• Kabir left ‘friendless’ as parties, barring BJP, shun his ‘politics of polarization’
    Times of India | 10 December 2025
  • Kolkata: Humayun Kabir looks friendless in Bengal politics with every major party — Trinamool, BJP, Congress and CPM — distancing themselves from the 62-year-old Bharatpur MLA and his antics. However, the underlying feeling among all (barring BJP) is what AIMIM articulated on Monday: Kabir may ultimately be doing the saffron party's bidding.

    On Monday, a PTI report quoted AIMIM national spokesperson Syed Asim Waqar — with whose party Kabir declared a coalition — alleging that Kabir was widely perceived as being politically aligned with senior BJP neta Suvendu Adhikari and, by extension, the party's central leadership. Kabir announced that he would fight the 2026 Bengal assembly polls in alliance with AIMIM, even spelling out his seat-sharing plans.

    TMC spokesperson Kunal Ghosh argued that Kabir's "politics of dissent" was aimed at clear political objectives. "A person can build a temple, mosque or church. We have nothing to say. But by invoking the pain of the Babri Masjid demolition, he is trying religious polarization. Where was his pain for the Babri demolition when he was with BJP and fought as its candidate in the 2019 Lok Sabha polls?" he said.

    Ghosh earlier said BJP has faces in Bengal, and it also has masks, while responding to a question on Kabir.

    Bengal BJP president Samik Bhattacharya, however, said Trinamool was trying to shift focus. "Humayun has been acting as Trinamool's B team, and they are trying to set a narrative around it. The govt allowed him to perform shilanyas and project that as its tacit support for Kabir's cause," he said.

    For many in Bengal, a grand anti-BJP, anti-Trinamool alliance, which Kabir keeps harping on, appears to be a throwback to the Samyukta Morcha (Mahajote) experiment ahead of the 2021 Bengal assembly polls. Nawsad Siddique, a Furfurasharif cleric's debutant Indian Secular Front (ISF), along with CPM and Congress, threatened to split Trinamool's grip over minority votes. The experiment failed, with the alliance routed (only Nawsad won).

    What Kabir can achieve in minority-dominated Murshidabad, however, remains to be seen.

    "I will float my new party on Dec 22. On that day, the names of the office-bearers will also be announced," Kabir said on Tuesday. Speaking to TOI, he added: "You will have surprises. There are many who aren't coming to the fore right now. All your questions will be answered."

    CPM distanced itself from Kabir's masjid politics for its "stance against religious binary" in Bengal. CPM state secretary Md Salim said Bengal has been a victim of Partition and people were wary of religion or caste-specific political outfits.

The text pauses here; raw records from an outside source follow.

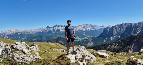 Alla spicciolata percorriamo i quattro chilometri in saliscendi sul pianoro fino al rifugio Pralongià. Prima dell’arrivo al rifugio, ci fermiamo in un punto super-panoramico e qui ogni atleta viene immortalato in tre scatti iconici: con alle spalle Cir, poi il gruppo Sella ed infine la Marmolada.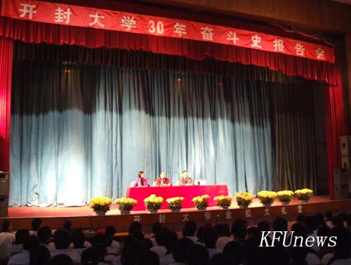 王祥云教授的报告内容丰富、生动感人。报告的第一部分阐述了开大三十年的风雨历程,第二部分阐释了开大人在30载岁月的历练过程中所凝聚成的“艰苦奋斗、改革创新、团结进取、严谨治学”的开大精神。在报告的最后王教授展望了开大未来的发展并对在校生寄予了殷切希望。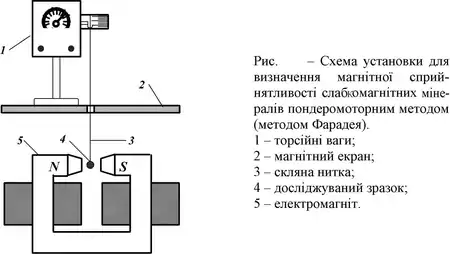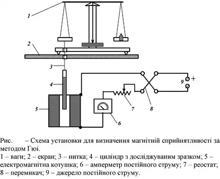 Установка для вимірювання магнітної сприйнятливості пондеромоторним методом (рис. 1) складається з електромагніту і ваг, якими вимірюється сила притягнення зразків.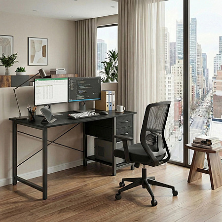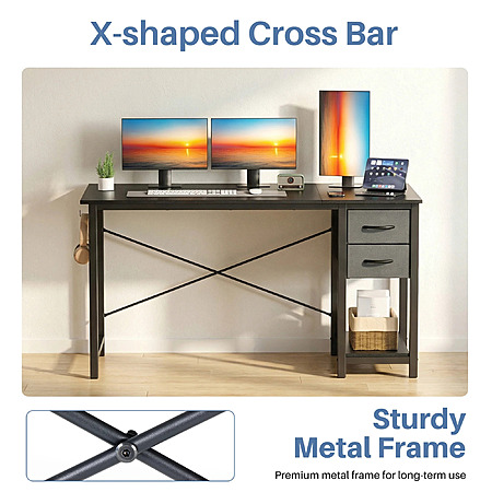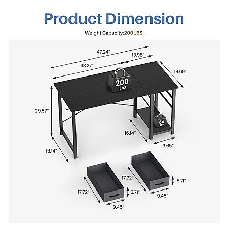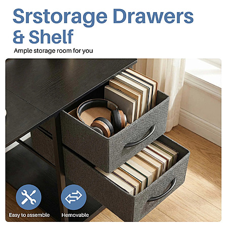- Ample Storage: This desk features two spacious fabric-lined drawers, an adjustable shelf, and a hook, providing generous storage for documents, office supplies, electronics, and more. Keep everything organized and within easy reach.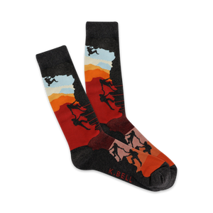 With our Sunset Climbers, every day feels like an adventure! These black, red, orange and light blue crew socks will inspire you to reach the peak of your game, whatever it is. Climb on, fellow fashion mountaineer!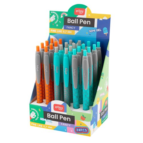 V sérii pier EASY FANCY sa nachádza špeciálna náplň so semi-gélovou konzistenciou v klasickej, modrej farbe. Táto náplň zaisťuje pohodlné vedenie perá po papieri pri uchovaní parametrov bežnej náplne. Pevná koncovka umožňuje vykonávanie tenkých, presných čiar.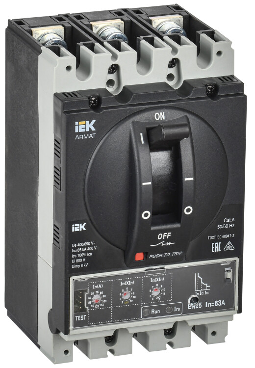 Благодаря высокой отключающей способности (до 150 кА) линейка автоматических выключателей в литом корпусе ARMAT идеальна для применения на энергоемких промышленных объектах. В комплексе с воздушными автоматическими выключателями ARMAT используются в НКУ до 6300 А.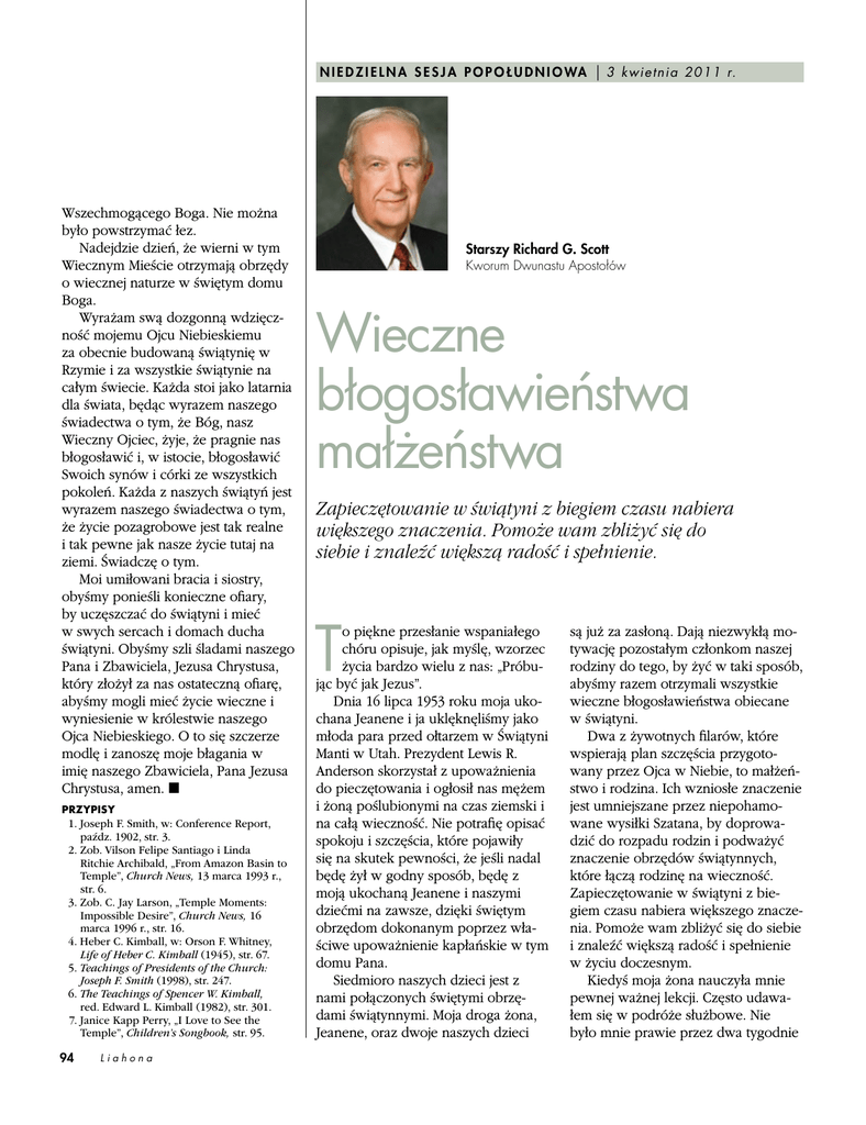 N I E D Z I E L N A S E S J A P O P O Ł U D N I O WA | 3 kw ie tnia 2 0 1 1 r. Wszechmogącego Boga. Nie można było powstrzymać łez. Nadejdzie dzień, że wierni w tym Wiecznym Mieście otrzymają obrzędy o wiecznej naturze w świętym domu Boga. Wyrażam swą dozgonną wdzięcz ność mojemu Ojcu Niebieskiemu za obecnie budowaną świątynię w Rzymie i za wszystkie świątynie na całym świecie. Każda stoi jako latarnia dla świata, będąc wyrazem naszego świadectwa o tym, że Bóg, nasz Wieczny Ojciec, żyje, że pragnie nas błogosławić i, w istocie, błogosławić Swoich synów i córki ze wszystkich pokoleń. Każda z naszych świątyń jest wyrazem naszego świadectwa o tym, że życie pozagrobowe jest tak realne i tak pewne jak nasze życie tutaj na ziemi. Świadczę o tym. Moi umiłowani bracia i siostry, obyśmy ponieśli konieczne ofiary, by uczęszczać do świątyni i mieć w swych sercach i domach ducha świątyni. Obyśmy szli śladami naszego Pana i Zbawiciela, Jezusa Chrystusa, który złożył za nas ostateczną ofiarę, abyśmy mogli mieć życie wieczne i wyniesienie w królestwie naszego Ojca Niebieskiego. O to się szczerze modlę i zanoszę moje błagania w imię naszego Zbawiciela, Pana Jezusa Chrystusa, amen. ◼ PRZYPISY 1. Joseph F. Smith, w: Conference Report, paźdz. 1902, str. 3. 2. Zob. Vilson Felipe Santiago i Linda Ritchie Archibald, „From Amazon Basin to Temple”, Church News, 13 marca 1993 r., str. 6. 3. Zob. C. Jay Larson, „Temple Moments: Impossible Desire”, Church News, 16 marca 1996 r., str. 16. 4. Heber C. Kimball, w: Orson F. Whitney, Life of Heber C. Kimball (1945), str. 67. 5. Teachings of Presidents of the Church: Joseph F. Smith (1998), str. 247. 6. The Teachings of Spencer W. Kimball, red. Edward L. Kimball (1982), str. 301. 7. Janice Kapp Perry, „I Love to See the Temple”, Children’s Songbook, str. 95. 94 Liahona Starszy Richard G. Scott Kworum Dwunastu Apostołów Wieczne błogosławieństwa małżeństwa Zapieczętowanie w świątyni z biegiem czasu nabiera większego znaczenia. Pomoże wam zbliżyć się do siebie i znaleźć większą radość i spełnienie. T o piękne przesłanie wspaniałego chóru opisuje, jak myślę, wzorzec życia bardzo wielu z nas: „Próbu jąc być jak Jezus”. Dnia 16 lipca 1953 roku moja uko chana Jeanene i ja uklęknęliśmy jako młoda para przed ołtarzem w Świątyni Manti w Utah. Prezydent Lewis R. Anderson skorzystał z upoważnienia do pieczętowania i ogłosił nas mężem i żoną poślubionymi na czas ziemski i na całą wieczność. Nie potrafię opisać spokoju i szczęścia, które pojawiły się na skutek pewności, że jeśli nadal będę żył w godny sposób, będę z moją ukochaną Jeanene i naszymi dziećmi na zawsze, dzięki świętym obrzędom dokonanym poprzez wła ściwe upoważnienie kapłańskie w tym domu Pana. Siedmioro naszych dzieci jest z nami połączonych świętymi obrzę dami świątynnymi. Moja droga żona, Jeanene, oraz dwoje naszych dzieci są już za zasłoną. Dają niezwykłą mo tywację pozostałym członkom naszej rodziny do tego, by żyć w taki sposób, abyśmy razem otrzymali wszystkie wieczne błogosławieństwa obiecane w świątyni. Dwa z żywotnych filarów, które wspierają plan szczęścia przygoto wany przez Ojca w Niebie, to małżeń stwo i rodzina. Ich wzniosłe znaczenie jest umniejszane przez niepohamo wane wysiłki Szatana, by doprowa dzić do rozpadu rodzin i podważyć znaczenie obrzędów świątynnych, które łączą rodzinę na wieczność. Zapieczętowanie w świątyni z bie giem czasu nabiera większego znacze nia. Pomoże wam zbliżyć się do siebie i znaleźć większą radość i spełnienie w życiu doczesnym. Kiedyś moja żona nauczyła mnie pewnej ważnej lekcji. Często udawa łem się w podróże służbowe. Nie było mnie prawie przez dwa tygodnie i wróciłem do domu w sobotni po ranek. Miałem cztery godziny przed udaniem się na kolejne spotkanie. Zauważyłem, że popsuła się nasza mała pralka, a moja żona ręcznie pie rze ubrania. Zacząłem ją naprawiać. Przechodząca Jeanene zapytała: „Rich, co ty robisz?” Powiedziałem: „Naprawiam pralkę, żebyś nie musiała prać ręcznie”. Odpowiedziała: „Przestań. Idź po bawić się z dziećmi”. Ja na to: „W każdej chwili mogę bawić się z dziećmi. Chcę ci pomóc”. Wtedy odpowiedziała: „Richard, proszę, idź pobawić się z dziećmi”. Kiedy powiedziała do mnie tak ka tegorycznym tonem, posłuchałem jej. Spędziłem z dziećmi cudowne chwile. Ganialiśmy się i turlaliśmy po jesiennych liściach. Później posze dłem na spotkanie. Prawdopodobnie zapomniałbym o tym doświadczeniu, gdyby nie lekcja, której chciała mnie nauczyć. Obudziłem się następnego ranka, około czwartej, kiedy poczułem dwie małe rączki zarzucone mi na szyję, pocałunek w policzek i słowa wyszep tane mi wprost do ucha, których nigdy nie zapomnę: „Kocham cię, tatusiu. Jesteś moim najlepszym przyjacielem”. Jeśli macie tego rodzaju doświad czenia w swojej rodzinie, doświad czacie jednej z niebiańskich radości tego życia. Jeśli jesteś młodym mężczyzną w odpowiednim wieku i nie masz żony, nie trać czasu na próżne działania. Idź dalej przez życie i skup się na zawarciu małżeństwa. Nie dryfuj przez ten okres swojego życia. Młodzi mężczyźni, służcie godnie na misji. Następnie niech najważniejszą rzeczą będzie znalezienie godnej wiecznej towarzyszki. Kiedy okaże się, że za czynacie interesować się jakąś młodą kobietą, pokażcie jej, że jesteście wyjątkową osobą, tak aby chciała poznać was lepiej. Zabierajcie ją w miejsca, które są godne zobaczenia. Wykażcie się pewną pomysłowością. Jeśli chcecie mieć wspaniałą żonę, musicie sprawić, że będzie widziała w was wspaniałego człowieka i poten cjalnego męża. Jeśli już kogoś odnalazłeś, możecie stworzyć niezwykle ws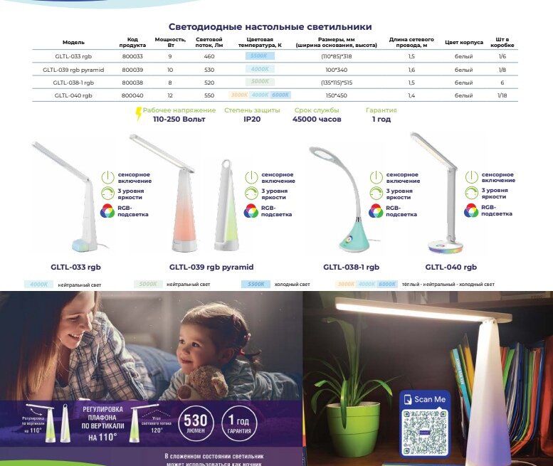 | Вид ламп | люминесцентные / накаливания / светодиодные |

    Pradesh Congress president Subhankar Sarkar, who also pointed at divisive politics trying to raise its head in Bengal, said Congress will not be an ally to anyone who does not believe in "plurality". "Erecting a temple or mosque isn't a crime. Similarly, chanting Gita or Quran isn't an offence. I will not be surprised if such issues are getting support from the quarters that benefit from polarization," he said.